Well done again ladies and anyone else finishing up it is a great feeling xx

Rambo and Soriya, so happy for my firecracker friends! You made it! In a couple of weeks, chemo will be a thing of the past for you. Rambo, after I'm done with radiation in December I'll be starting on an AI also. My MO said either Arimidex or Femara. I'll be interested to see how it goes for you. Angela, good luck with your port removal. Sounds like you'll be in good hands!

Had my 2nd of 30 rads tx today. It is so different from chemo, it's kind of hard to get used to. Laying on a table all alone in a big room with a machine traveling around you. Going every day is weird too, but at least it's over quickly. Friday is my last day of work for awhile. I'm taking off until school starts again in January. I feel like I'm slowly regaining my energy but I know that it won't be long until this tx saps my strength. It has been a challenging 4 weeks being back in the classroom. The first two weeks were totally exhausting and then I got a really bad cold and sore throat. I love being back with the kids but the stress is just too much right now. Can't wait for 2014!

Angela- Thanks for the information. I will have to call and make an appointment with my surgeon once my onco okeys it. surgeon is across the street from a same day surgery center, so maybe he will do it there. Not sure. I just remember him saying it was no big deal and he can do it in his office. I guess I will find out. I would like to be on the road to recovery by Jan 1. Plan on a mini vacation to vegas to ring in the new year with the fireworks. Can't wait.

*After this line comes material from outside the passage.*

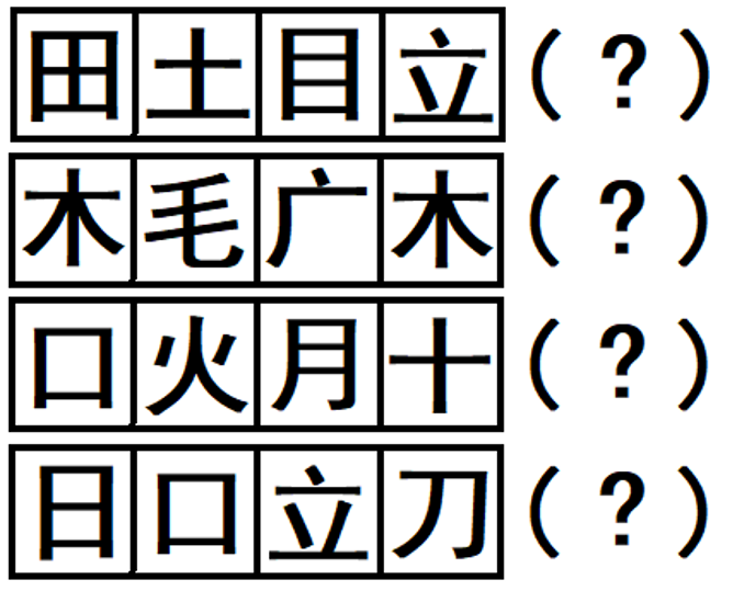 你能将下图中每行的4个字,各拼成一个新字吗?

Decided to stay on the taxol for my remaining 4 weeks. 3 weeks after today, but who's counting. I figured the "recipe" called for 12 weekly taxols, and even though I did get 1 "free" week. Thought I would continue. Hope and pray the neuropothy doesnt continue. Just didnt want to go on steroids again and start all over with the taxotere when they both carry the same side effects. I guess I will see what happens,

Going for treatment today as a chia pet. I hope the patients have a sense of humor, but at our cancer center not so sure. Doesnt matter, if I don't laugh and have a good time there I dont think I could make it. Laughter is the best medicine. Praying for all of us still receiving treatment for minimal side effects and for the sisters finished.